The ability to achieve high energy integration in CHP systems, however, results in significantly more complex operations. In particular, it is necessary to capture strong and highly dynamic interactions between carriers and resources (Geidl and Andersson, 2007; Cho et al., 2009a), it is necessary to trade-off energy market conditions and local demands (Illerhaus and Verstege, 1999), one must consider dynamics and limited storage (Henning, 1998; Malysz et al., 2014), and one must consider inefficiencies associated to partial load operation (Bracco et al., 2014).

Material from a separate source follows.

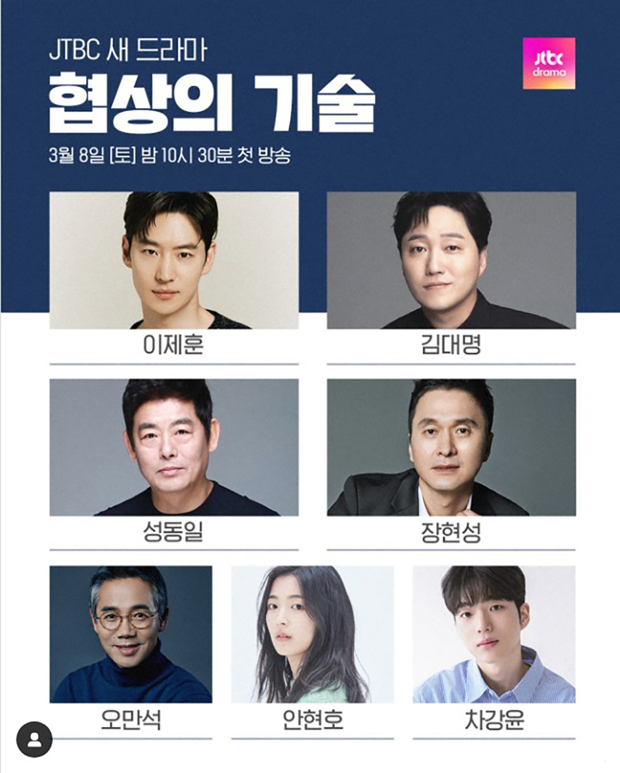JTBC에서 방영될 예정인 <협상의 기술>은 대한민국 기업 인수합병(M&A) 업계를 배경으로 한 오피스 드라마다. 치열한 협상의 세계에서 각기 다른 신념을 가진 주인공들이 비즈니스 세계의 권력 싸움 속에서 성장해가는 과정을 그린다.

Greenhouse gas emissions and water usage are major factors driving the development of new CHP technologies and fuels. A key issue in the design and operation of advanced CHP systems is that environmental impact associated to water consumption and emissions are controlled by monetization (i.e., one associates a price/penalty to them). We argue that such an approach is highly inefficient when local environmental policies and market conditions are not well developed and this results in limited control of environmental impact and blocks adoption of new technologies. For instance, in some cases one might only be able to control environmental impact using extremely high and unrealistic water prices. We show that adaptive scalarization of objectives is necessary to ensure that water and emissions impact match the actual limits of a wide sprectrum of technologies and under a wide range of operating conditions. We demonstrate our developments using a CHP system for a real residential building complex that incorporates biogas produced from food waste and thermal storage. In particular, we demonstrate that existing carbon emission penalties and water prices do not incentivize the use of biogas and have limited impact on water utilization.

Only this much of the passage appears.